When planning to drink a relatively tannic wine while it’s still young — a cabernet sauvignon, a Bordeaux, a merlot — you might think about letting it breathe, to dial back those tannins a bit. Simply opening the bottle a few minutes before serving won’t cut it, as not enough oxygen gets into the act. What you really want to do is pour it into a decanter and let it stand for maybe half an hour, if you can manage it. And decanting older wines has the added benefit of screening out any sediment, which looks grubby and tastes lousy. There are plenty of less tannic reds that don’t need to breathe, though (pinot noirs, burgundies, Beaujolais), and really old wines won’t benefit from aeration at all — their flavors start fading rapidly upon exposure to air, so drink up right away. A few dry white wines taste better with a little aeration, but mainly you just want to leave whites in the bottle and let them keep cold.
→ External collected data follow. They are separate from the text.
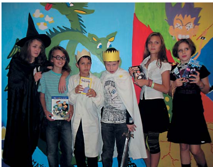
Na ZŠ A. Dubčeka usporiadali podujatie k medzinárodnému dňu školských knižníc.
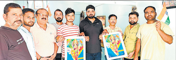
कारगिल विजय दिवस मनाते व्यापार मंडल के पदाधिकारी।
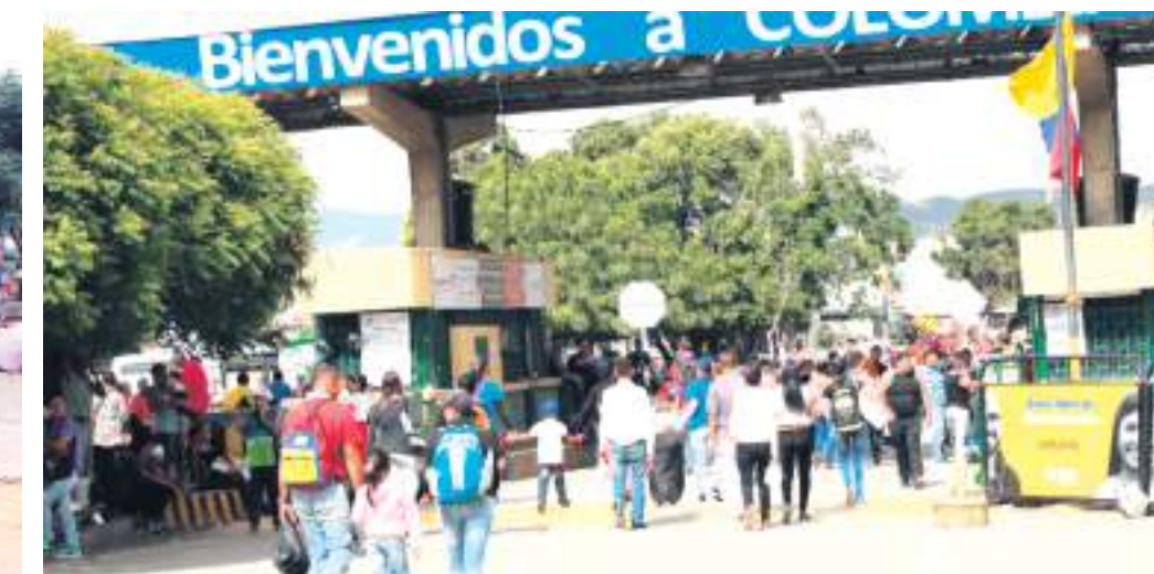
Frontera entre Colombia y Venezuela.

OK, OK, the glasses. While it’s undeniable that a lot of the different-glasses-for-different-wines shtick is really about visual appeal, ceremony, etc, and that a good wine will likely taste just fine served in a jelly jar, it’s also true that the various glass shapes have evolved with an eye toward the liquid-to-oxygen interface issues discussed above. If you’re looking to upgrade your wine-drinking experience and you’ve got the shelf space to spare, keeping a few basic models around couldn’t hurt. For most reds, you want a largish, balloon-shaped glass: the girth maximizes the surface area of wine exposed to the air, and it’s easy to swirl the contents around and savor the bouquet (if you go in for such things); a narrower mouth concentrates said aroma toward the nose. Since aeration isn’t much of an issue for whites, they go in a smaller glass, which helps retain the chill. Throw in some champagne flutes (or newer juice-style champagne glasses, if you’re a modernist), and you’re set. You can get much, much more elaborate with the specialized stemware if you want, of course, but don’t expect the nonsnobs to notice or care.